ASSIGNMENT - No pictures belong in the copy. Retype exactly, and only, the stretch of lines below from the one with "3-Zone Climatronic AC" through the one with "Friday night dinner with friends".

EXTRACTED INFORMATION -

[Start of section]

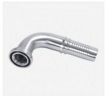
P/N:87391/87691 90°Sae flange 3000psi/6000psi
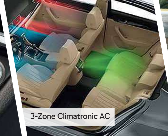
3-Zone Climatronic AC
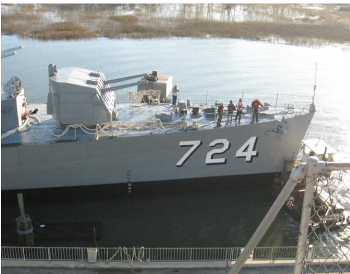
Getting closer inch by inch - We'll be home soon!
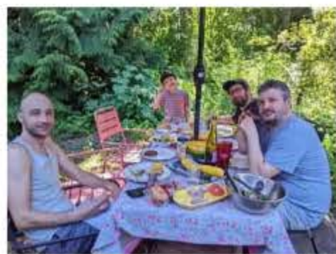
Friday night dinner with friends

[End of section]
[Start of section]

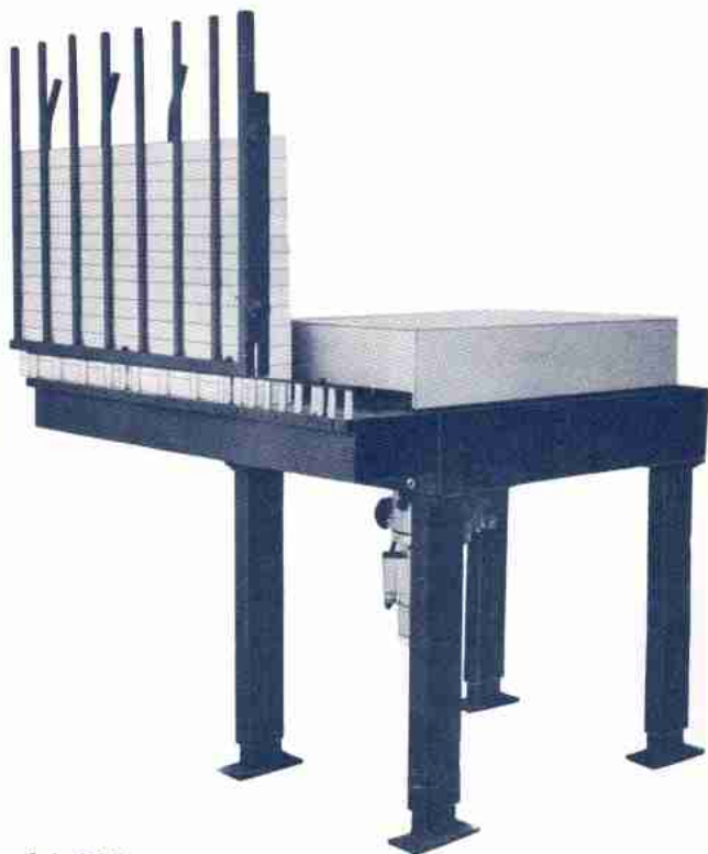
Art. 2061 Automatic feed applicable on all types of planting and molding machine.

[End of section]

YOUR RESPONSE -
3-Zone Climatronic AC
Getting closer inch by inch - We'll be home soon!
Friday night dinner with friends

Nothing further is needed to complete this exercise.